American director and actor

Gabriel Barre (born James Gabriel Barre, August 26, 1957) is an American director and actor. Best known for creating original musicals, his work has been seen on Broadway, throughout the United States, and across four continents internationally.

==Early life and education==
Gabriel Barre was born in Brattleboro, Vermont, and raised throughout the state, primarily in Burlington, Vermont. He is the son of an Episcopal priest, James Lyman Barre, and a systems analyst, Hallie Susan Hebb, and is the oldest of three children. At 18 he moved to New York City to pursue a career as an actor, attending the American Academy of Dramatic Arts (AADA). Upon graduation he spent five years as a member of the Richard Morse Mime Theatre at their Greenwich Village location, and performed with them at Lincoln Center, as well as touring the United States. His work with the company included serving as a cultural ambassador performing throughout the Middle East, including in Israel, Saudi Arabia, Syria, Iran, Afghanistan, Egypt, Algeria, Tunisia and Greece.

==Career==
===Actor===
Gabriel Barre was nominated for a Tony Award for Best Performance by a Leading Actor in a Musical for his performance in Starmites and won a Bistro Award as an original cast member in Forever Plaid. Other New York performing credits include the original Broadway casts of: Ain't Broadway Grand, Rags, Anna Karenina, Barnum (first national tour) and Ragtime (final Toronto workshop); and original Off-Broadway casts of: Return to the Forbidden Planet, The Petrified Prince at the Public Theatre, Jacques Brel is Alive and Well and Living in Paris, and A Fine and Private Place, which he also directed.
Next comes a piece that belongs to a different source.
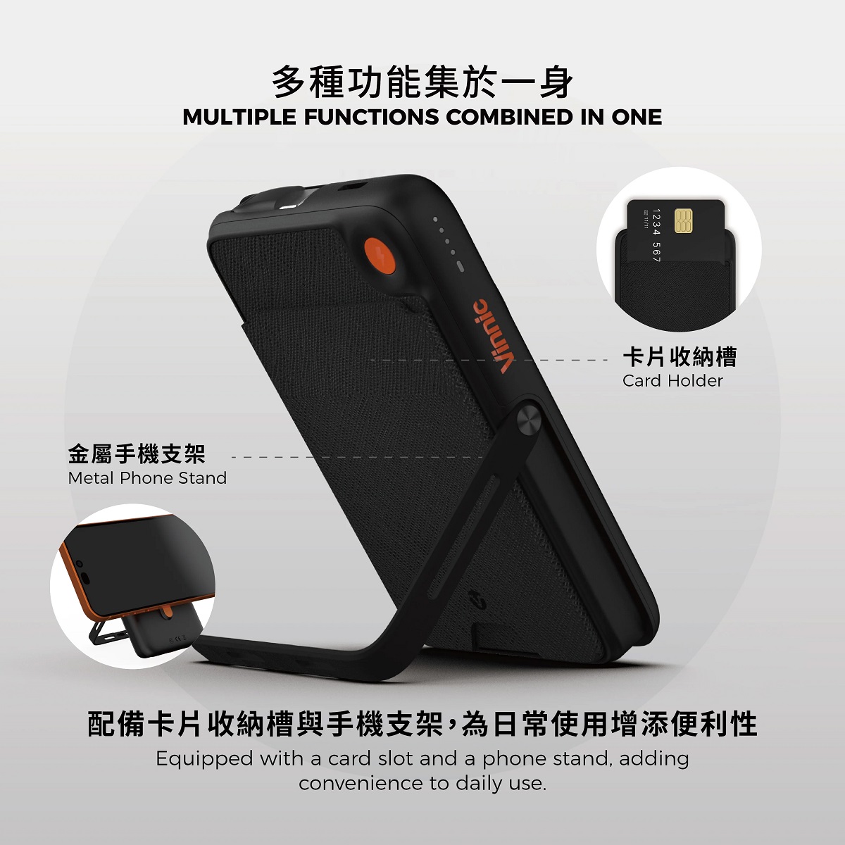 - 6合1多功能設計 — 整合磁吸無線充電、USB-C 有線快充、內置充電線、卡片收納及支架功能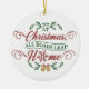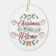 A customizable ceramic ornament with text that reads At Christmas All Roads Lead Home. You can remove the image on the front and back and replace it with one of your own.

He was also in numerous productions at the Roundabout Theater, Mirror Repertory Company, Lamb's Theatre, Playwright's Horizons, Jewish Repertory Theatre, INTAR, York Theatre, LaMama, and others.

==Director==
Gabriel Barre directed the Broadway production of Amazing Grace which also toured the country and is set to be a sit-down production at the new Museum of the Bible in Washington, DC in 2019. In New York City, he is widely known for his off-Broadway work: he directed the original production of Andrew Lippa's The Wild Party at the Manhattan Theatre Club starring Idina Menzel, Taye Diggs, Brian Darcy James and Julia Murney. The show won him the Calloway Award for Best Direction, and was nominated for five Outer Critics Circle Awards and thirteen Drama Desk Awards, both including Best Direction of a Musical. He directed the original production of John Cariani's Almost, Maine at the Daryl Roth Theatre, which has become one of the most frequently produced plays in the United States with over 4000 productions to date. It has been translated into a dozen languages and recently unseated Shakespeare as the most produced play in North American high schools. Other Off-Broadway productions in New York include the original productions of Summer of '42 at the Variety Arts Theatre, Honky Tonk Highway at Don't Tell Mama (winner of a MAC Award and Bistro Award for Best Review), Stars in Your Eyes at the Cherry Lane Theatre, Andrew Lippa's john & jen at the Lamb's Theatre and Son Of A Gun at the Samuel Beckett Theater.

Nationally, he directed the US national tour of Rodgers and Hammerstein's Cinderella, starring Eartha Kitt, which performed at NYC's Madison Square Garden; it toured and played regionally in the US for three years. He also directed the national tour of Pippin, which originated at the Goodspeed Opera House in Connecticut and played throughout the US and Canada. In 2015 he created the acclaimed new Stephen Schwartz musical Magic to Do in a production for Princess Cruise Lines.

His concert work includes the American Songbook Series at Lincoln Center three years in a row, several Musical by the Year concerts at Town Hall, the concert version of Pippin for World Aids Day, and The Four Seasons at Lincoln Center. His direction of the workshop of Forever Deadward: The Vampire Musical Parody, was praised on MTV, E!, EW and others. Upcoming concert work includes The Scarlet Pimpernel at Lincoln Center in 2019 with Manhattan Concert Productions.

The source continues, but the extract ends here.